Better known just a few years ago as a deepwater Gulf of Mexico (GOM) force, Noble Energy Inc. has made some strategic moves in the past few years that have transformed the company and prepared it for double-digit production growth for up to a decade, CEO Chuck Davidson told investors Tuesday.
The company’s compound annual production growth rate will jump by an average of 17% over the next five years to about 490,000 boe/d and growth should continue in double digits 10 years from now, Davidson said during an investor day conference in Houston. Especially transforming have been the past 16 months, he told the crowd.
“We have seen more change within this company in the past 16 months than at any time since the merger with Patina,” which was seven years ago, Davidson said. In 2004 Noble paid $3.4 billion to buy Rocky Mountain producer Patina Oil & Gas Corp. (see Daily GPI, Dec. 17, 2004). “All of these changes are positive but a lot has happened since June 2010,” when the company last met with investors.
The changes have “had a dramatic impact on the company, which has dramatically changed our growth profile going forward. It’s because of major discoveries, major projects moving forward, major acquisitions…We are now positioned for a decade of growth.”
About 17 months ago Noble’s exploration efforts in the United States were concentrated in the GOM and what is still its largest onshore property, the Wattenberg Field in northeast Colorado, which it acquired in the Patina transaction. Noble’s portfolio extends into Equatorial Guinea and Israel, as well as China, the North Sea and West Africa.
June 2010 proved to be a turning point. The Macondo well blowout in the GOM two months earlier halted deepwater development. But it didn’t deter Noble from making other plans.
In the second half of 2010 Noble sanctioned two overseas projects (Tamar and Alen), sold some noncore properties and unveiled its Leviathan discovery offshore Israel.
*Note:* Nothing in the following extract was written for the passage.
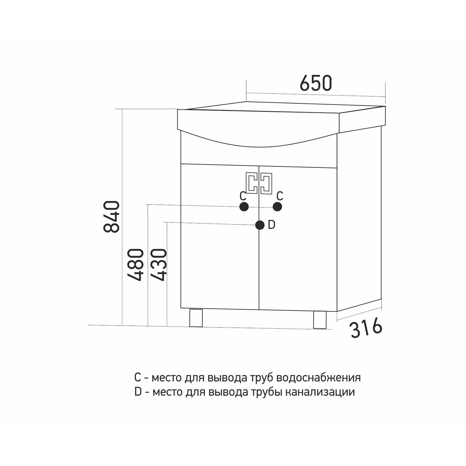 Тумба д/ванной КВАДРО-65 под умывальник Элеганс-65 (ПВХ) Код I0000353290
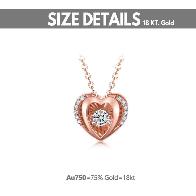 18K Rose Gold Circular Cubic Zirconia Heart With Heart Pendant Necklace For Women

And this year? Noble has gotten back to business in the GOM after receiving its first deepwater permit for the Santiago discovery. It also accelerated its Wattenberg development by leaps and bounds, and it made two big discoveries overseas. In addition, the Marcellus Shale is now a core holding after Noble bought half of a 663,350 net-acre leasehold in Pennsylvania and West Virginia from Consol Energy Inc. (see Daily GPI, Aug. 19).
“Each of these areas will have double-digit production growth,” said Davidson. “The proven reserves are projected to increase 150% over the next five years. Every one of the core areas has stunning growth over the next five years. Not just one or two, but all five core areas.”
Noble’s net risked resources have jumped by 75% to 7.4 billion boe “since we met in June 2010,” said the CEO. “A big driver is exploration. We’ve seen examples of companies that are successful in exploration and then quit…But our capital investment for the next five years almost doubles to $24 billion from $13 billion.
“It’s a big jump not because of cost increases but because of opportunities.” The Marcellus already has been “impactful” in reserves growth, he said.
By 2015 Noble is forecasting that U.S. oil and gas output alone will climb by 66%.
“If you look at 2021, only 15% of our production in that year comes from future exploration,” said Davidson. “These are known projects. I’ve never been in such a position. I’ve been in a position where I was looking for my next meal for the next year. But I’ve never been in a position where I know I’m going to get that meal 10 years out.”
The company is, in fact, “right on the verge in four months of 13,000 b/d of net new production” from its portfolio, said COO Dave Stover. “And we still have an extensive, deep portfolio in the deepwater Gulf.”
In 2012 Noble plans to bring on new production from the Santiago prospect. It also expects its Galapagos development in the GOM to deliver 10,000 b/d of net oil production early next year with the potential to reach up to 14,000 b/d.
Noble has 39 identified projects in the deepwater, with 23 stand-alone subsalt Miocene prospects. A one-rig exploration program is planned for 2012 and 2013 to continue to evaluate the portfolio, which is estimated to contain more than 500 million boe of net risked reserves.
Also high on the agenda is more growth in Colorado, where Noble controls more than 800,000 total acres, including 400,000 net acres in the Wattenberg Field, where Noble has identified 1.3 billion boe of net risked resources with the potential for even more. Anadarko Petroleum Corp. also is reporting strong results in the Wattenberg (see related story).
Noble now has 58 producing wells in the Niobrara formation of the field that to date has produced 18,000 boe/d gross and 14,000 boe/d net.